CWE-352β€”Cross-Site Request Forgery (CSRF)

PUBLISHEDweakness recordMedium
released 2006-07-19 Β· last modified 2025-12-11
CWE-352 - Cross-Site Request Forgery (CSRF) - Diagram

Metadata

CWE ID:
CWE-352
Abstraction:
Compound
Structure:
Composite
Status:
Stable
Release Date:
2006-07-19
Latest Modification Date:
2025-12-11

Weakness Name

Cross-Site Request Forgery (CSRF)

Description

The web application does not, or cannot, sufficiently verify whether a request was intentionally provided by the user who sent the request, which could have originated from an unauthorized actor.

Common Consequences

Scope:
Confidentiality, Integrity, Availability, Non-Repudiation, Access Control
Impact:
Gain Privileges or Assume Identity, Bypass Protection Mechanism, Read Application Data, Modify Application Data, DoS: Crash, Exit, or Restart
Notes:
The consequences will vary depending on the nature of the functionality that is vulnerable to CSRF. An attacker could trick a client into making an unintentional request to the web server via a URL, image load, XMLHttpRequest, etc., which would then be treated as an authentic request from the client - effectively performing any operations as the victim, leading to an exposure of data, unintended code execution, etc.

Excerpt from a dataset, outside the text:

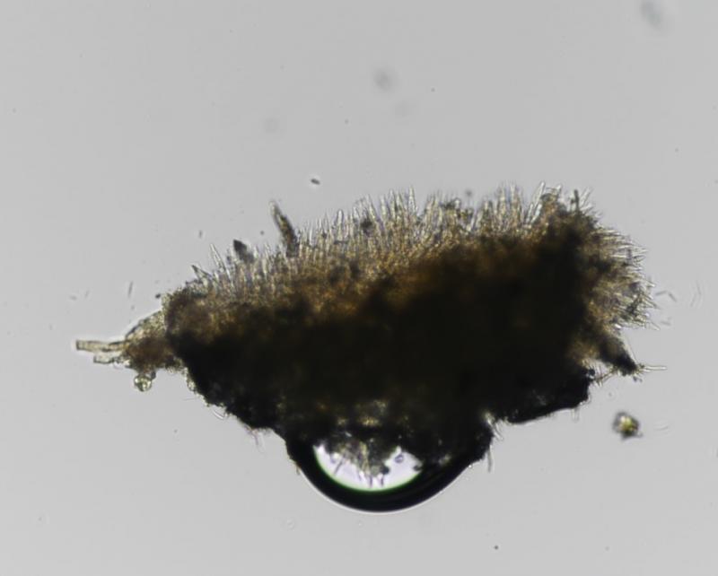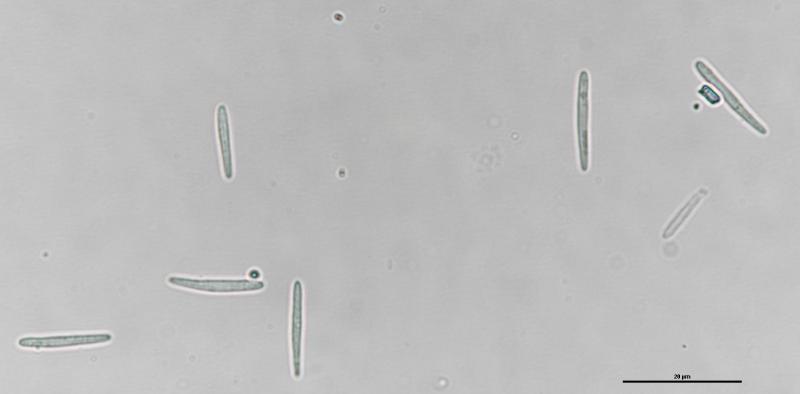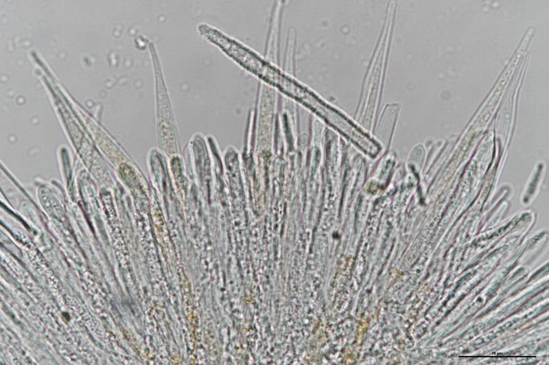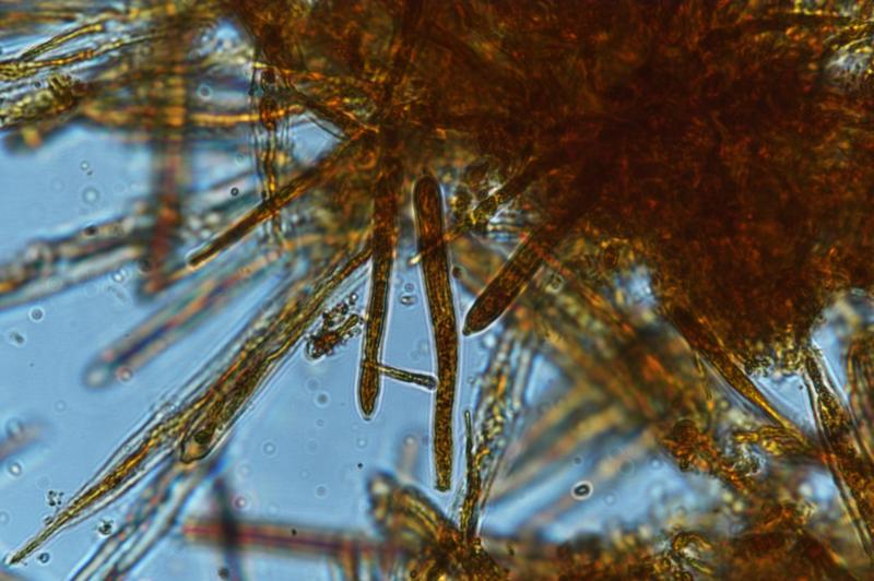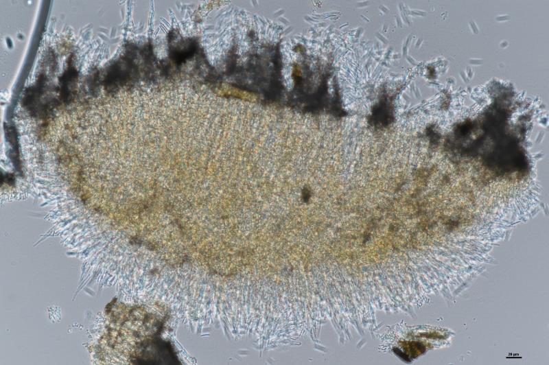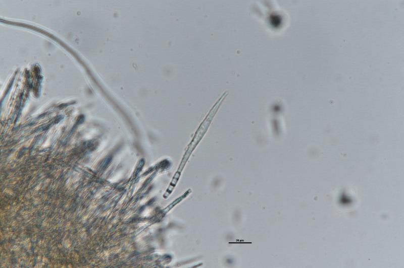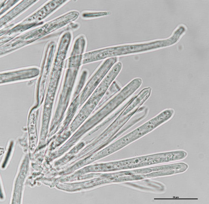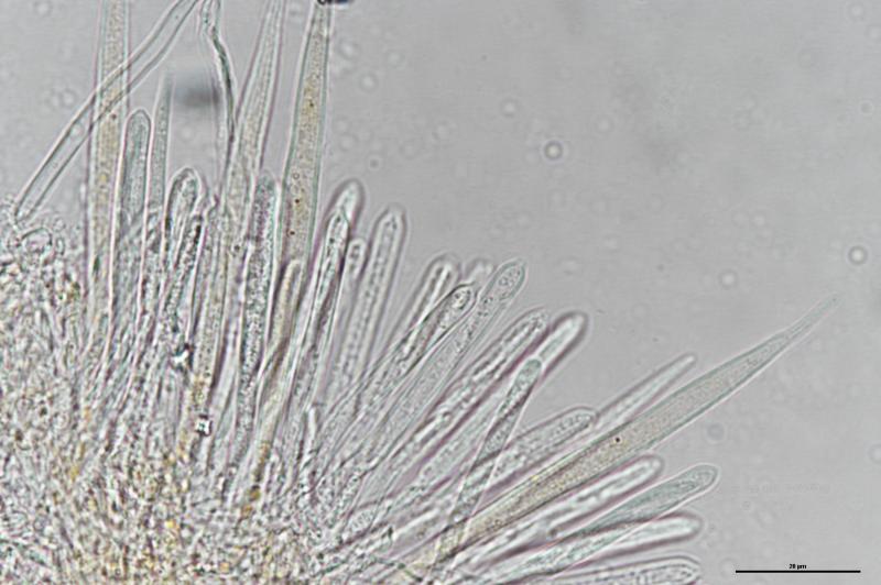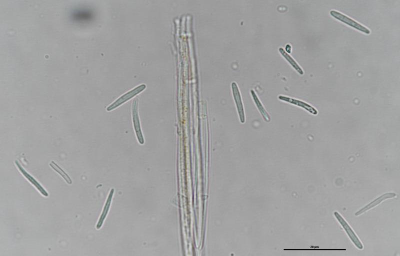 Largest apothecium is about 1mm wide. IKI +. Crozier -. Hair measurement around 111um long with no crystals. Some spores have one or two large oil drops, some have many small oil drops. Spore measurement: (13) 13.5 - 16.9 (19.1) × (1.9) 2 - 2.6 (2.8) µm

If the victim is an administrator or privileged user, the consequences may include obtaining complete control over the web application - deleting or stealing data, uninstalling the product, or using it to launch other attacks against all of the product's users. Because the attacker has the identity of the victim, the scope of CSRF is limited only by the victim's privileges.